* **Required action**:
Your answer must be a word-for-word copy of the listing below, minus its pictures.

* **Raw data**:
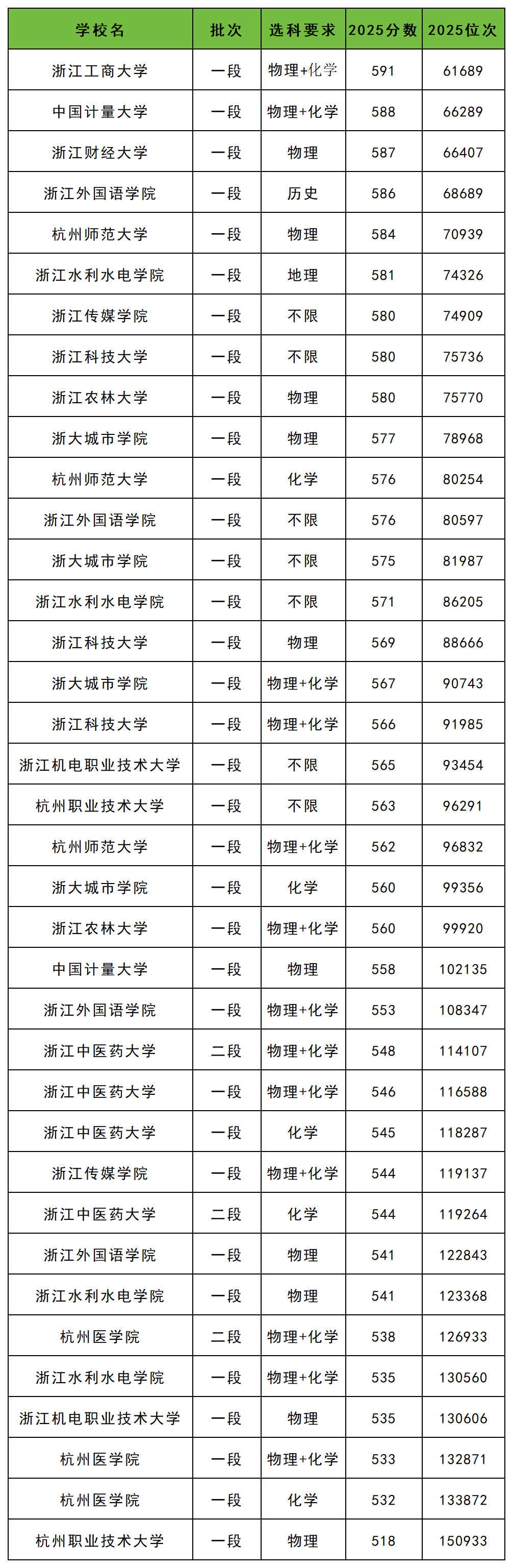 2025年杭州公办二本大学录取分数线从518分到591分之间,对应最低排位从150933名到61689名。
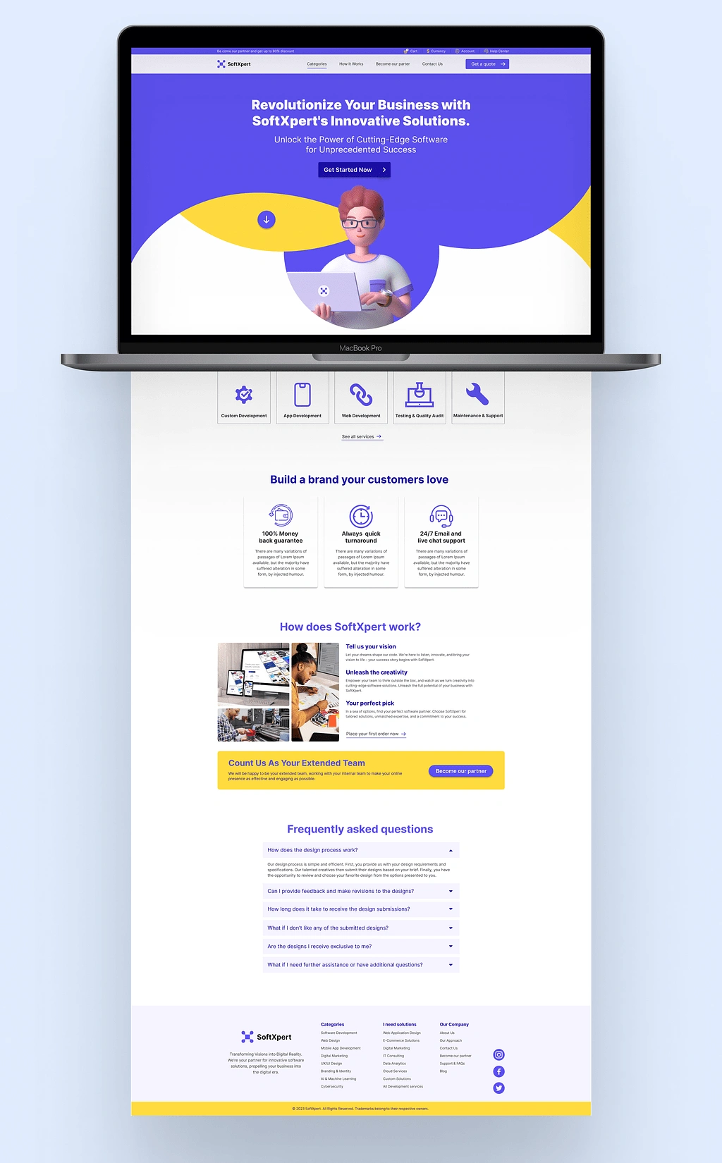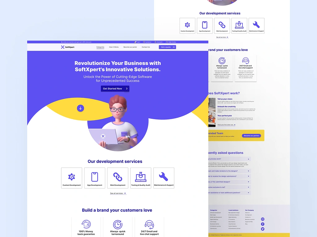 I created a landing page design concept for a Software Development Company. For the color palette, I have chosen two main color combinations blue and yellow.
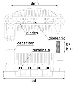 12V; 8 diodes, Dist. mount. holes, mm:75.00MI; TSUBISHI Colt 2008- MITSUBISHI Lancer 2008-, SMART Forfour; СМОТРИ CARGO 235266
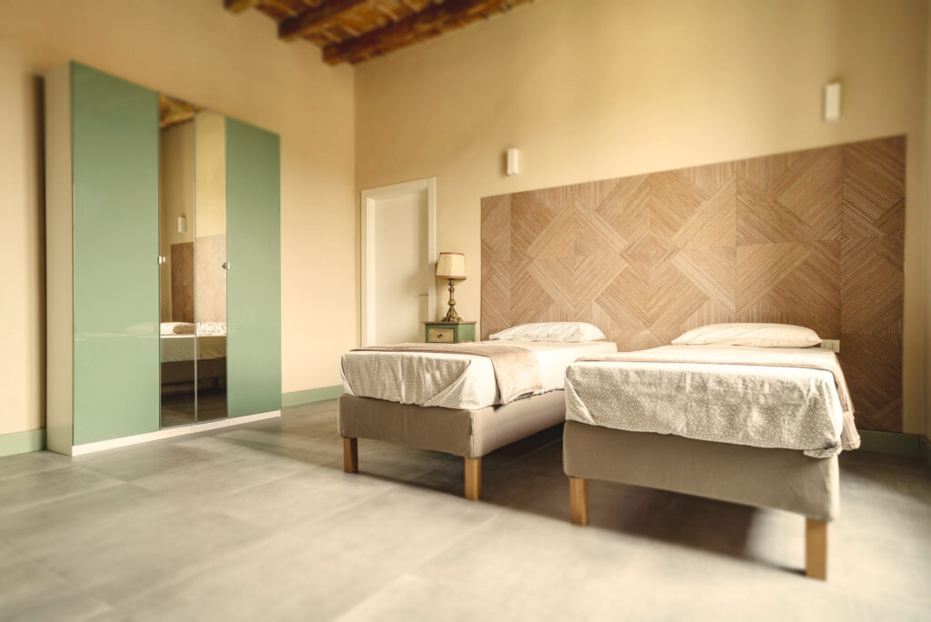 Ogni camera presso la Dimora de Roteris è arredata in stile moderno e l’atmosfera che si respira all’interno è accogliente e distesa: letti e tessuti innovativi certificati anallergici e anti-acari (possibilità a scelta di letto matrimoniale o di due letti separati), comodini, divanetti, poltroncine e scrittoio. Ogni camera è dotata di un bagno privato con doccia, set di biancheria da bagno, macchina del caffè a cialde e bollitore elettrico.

* **Written answer**:
 2025年杭州公办二本大学录取分数线从518分到591分之间,对应最低排位从150933名到61689名。
 I created a landing page design concept for a Software Development Company. For the color palette, I have chosen two main color combinations blue and yellow.
 12V; 8 diodes, Dist. mount. holes, mm:75.00MI; TSUBISHI Colt 2008- MITSUBISHI Lancer 2008-, SMART Forfour; СМОТРИ CARGO 235266
 Ogni camera presso la Dimora de Roteris è arredata in stile moderno e l’atmosfera che si respira all’interno è accogliente e distesa: letti e tessuti innovativi certificati anallergici e anti-acari (possibilità a scelta di letto matrimoniale o di due letti separati), comodini, divanetti, poltroncine e scrittoio. Ogni camera è dotata di un bagno privato con doccia, set di biancheria da bagno, macchina del caffè a cialde e bollitore elettrico.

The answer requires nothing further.